Entonces recordó que aún llevaba la mochila en la mano. No. Todo lo que necesitaba estaba ahí dentro. Alzó la vista y encontró un enorme precipicio frente a él, y se sentó en el borde para reflexionar sobre la situación. De nuevo se encontraba en el filo del abismo, y sin saber muy bien qué hacer.
En el fondo no se estaba tan mal.  Al menos podría descansar durante un rato y disfrutar de todas las experiencias que había vivido hasta llegar allí: el sabor del éxito, los problemas superados, el vértigo del primer amor, las tentaciones vencidas, y las que lo hicieron sucumbir. Pensó que tal vez todo aquello había sido suficiente para satisfacer su existencia.

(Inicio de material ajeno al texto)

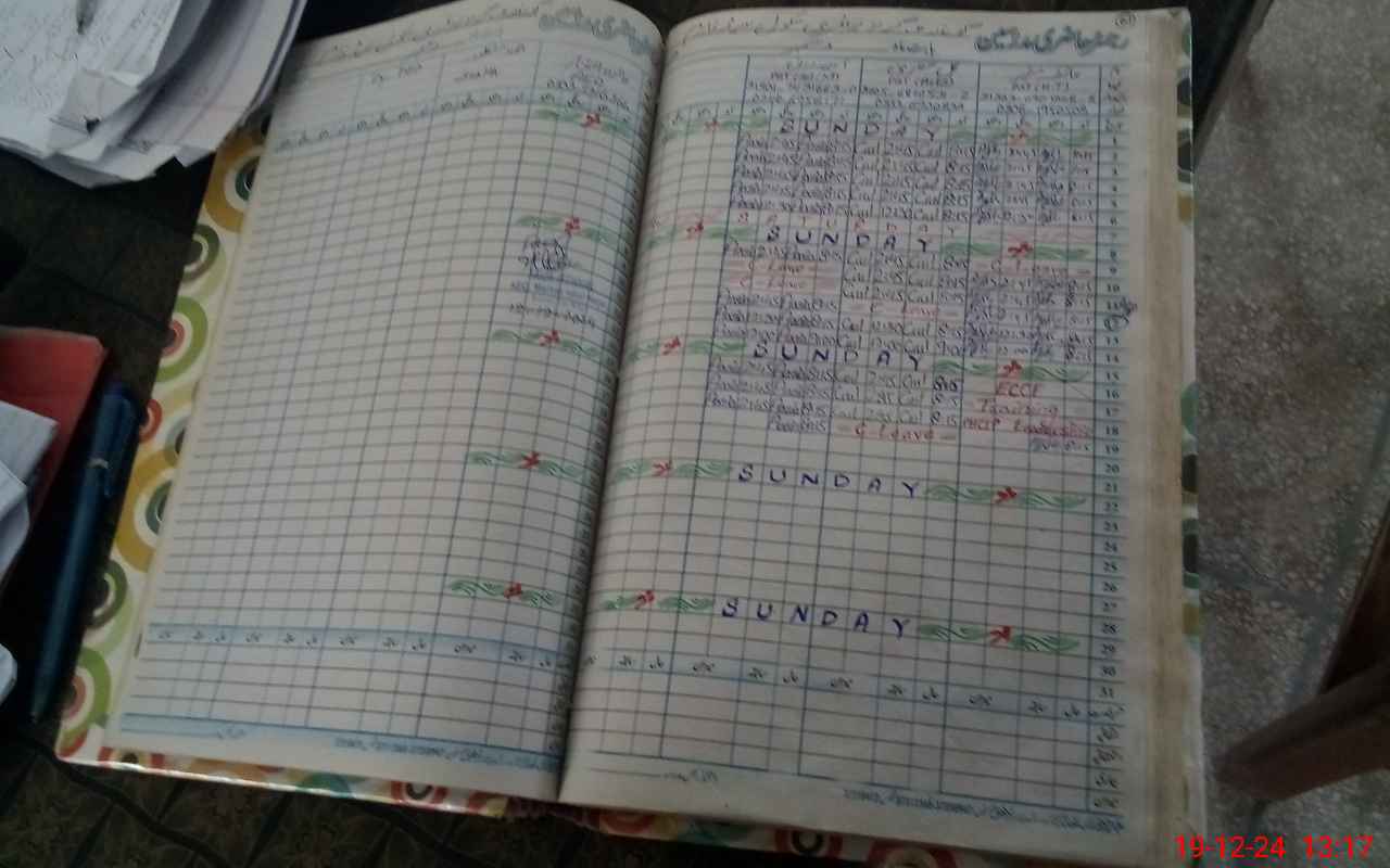 | CNIC | Full Name | Designation | R/C | Absence During Last Calender Month |

Acomodó la postura dispuesto a permanecer en aquel lugar de manera indefinida y, al dejar caer de sus hombros la pesada mochila, esta resbaló en dirección hacia la nada. Un acto reflejo hizo que un rápido movimiento de sus dedos lograra frenar el descenso.
 Óscar sintió que el corazón le golpeaba con fuerza en el pecho. Pensar en la pérdida de aquella posesión alejó de un plumazo toda aquella pereza. La abrió con rapidez para asegurarse de que todo estaba en orden. No había duda, el Tiempo permanecía intacto en su interior.
Aquello era una señal sin duda. Si no aligeraba la carga, terminaría perdiendo todo su Tiempo. Metió la mano en el interior de la bolsa y sacó un puñado de arena blanca, lo sopesó y calculó que le daría un nuevo margen; un año tal vez. Sopló con fuerza sobre la palma de su mano, y un sendero sinuoso y árido apareció frente a él.
Sí, un año sería suficiente. Se puso en marcha y, a medida que avanzaba, iba notando cómo las nuevas ideas que proyectaba sobre su futuro aligeraban el peso sobre sus hombros y ensanchaban el camino. Mientras iba dejando los minutos en las huellas de sus pies, no dejaba de pensar que los cambios, en el fondo, no eran tan malos.

Inspirada en la frase de El Cuentacuentos: "Las especies que sobreviven no son las más fuertes, ni las  más rápidas, ni […]",  de Charles Robert  Darwin.